Depuis cette époque, leur utilisation n’a cessé de progresser. Le fichier automatisé des empreintes digitales (FAED), créé en avril 1987, comportait, au 31 août 2006, les empreintes de près de 2,4 millions d’individus. On sait, d’autre part que le nouveau passeport biométrique entraînera le recueil des empreintes de 8 doigts.

Vous trouverez ci-dessous un communiqué de la Cnil concernant les empreintes digitales, suivie d’une présentation du Faed extraite d’un rapport officiel.
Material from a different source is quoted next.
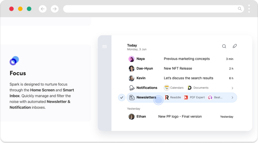 SparkMail 提供了相當順暢和舒適的郵件瀏覽體驗,同時智能化的郵件整理幫助用戶真正關注最重要的郵件信息,同時近期添加了AI功能,是真正的神器,但是由於服務器在國外,國內用戶無法及時收到郵件和提醒,這對用戶體驗傷害很大。
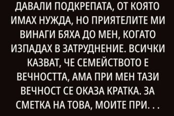 — „На тази маса място нямаш. Ти трябва да ни обслужваш!“ — думите на свекърва ми още кънтят в ушите ми Сутрин в кухнята при свекърва ми — по нощница, с разрошена коса, аромат на препечени филийки и силно българско кафе. Дъщеря ми на 7 рисува шарени спирали с флумастер, а аз въртя яйца и се чудя дали моите диетични хлебчета ще минат между „правилата“. Свекърва ми влиза — каменно лице, строг тон: „Можеш ли да готвиш нормално, не по твоите модерни приумици?“ Мъжът ми — „Ще поживеем при мама, само за два месеца. Близо е до работа, ипотеката е пред одобрение.“ В една кухня с две силни жени — всеки сантиметър ми напомня: „Ти си гост.“ Контрол, ред и морал — тя диктува всяка сутрин. Детето ми — твърде шумно. Моите навици — излишни. Моето мнение — незначително. Вечер, две вечери: по-български, без лук, или с лук, само в нейния тиган. Докато един ден, гости и приятелки на свекърва ми — „Ти ще ни обслужваш.“ Подавай чай, събирай чинии, усмихвай се и мълчи. „Така е, когато има млада домакиня за подръжка!“ Вечер казвам истината: „Аз повече така не мога. Живеем като чужди, невидима съм.“ Потърсихме квартира още същия ден. Малък апартамент, стари мебели, скърцащ балатум — но моят дом, моят глас, нашите правила, наше утро с българска музика и смях. ❓А ти как мислиш — щеше ли да издържиш „за малко“, или би си тръгналa още в първата седмица?

La CNIL encadre et limite l’usage de l’empreinte digitale

Communiqué du 28 décembre 2007

Aux termes de la loi informatique et libertés de 2004, la CNIL dispose d’un pouvoir d’autorisation expresse des dispositifs biométriques. Elle a souhaité préciser, dans un guide rendu public les principaux critères sur lesquels elle se fonde pour autoriser ou refuser le recours à des dispositifs reposant sur la reconnaissance des empreintes digitales avec un stockage sur un terminal de lecture-comparaison ou sur un serveur.

Il s’agit :

  • de rappeler les risques liés à cette technologie dont l’utilisation doit rester exceptionnelle ;
  • de mieux informer les salariés sur leurs droits et de permettre aux entreprises et administrations, toujours plus nombreuses à vouloir utiliser la biométrie, de se poser « les bonnes questions informatique et libertés ».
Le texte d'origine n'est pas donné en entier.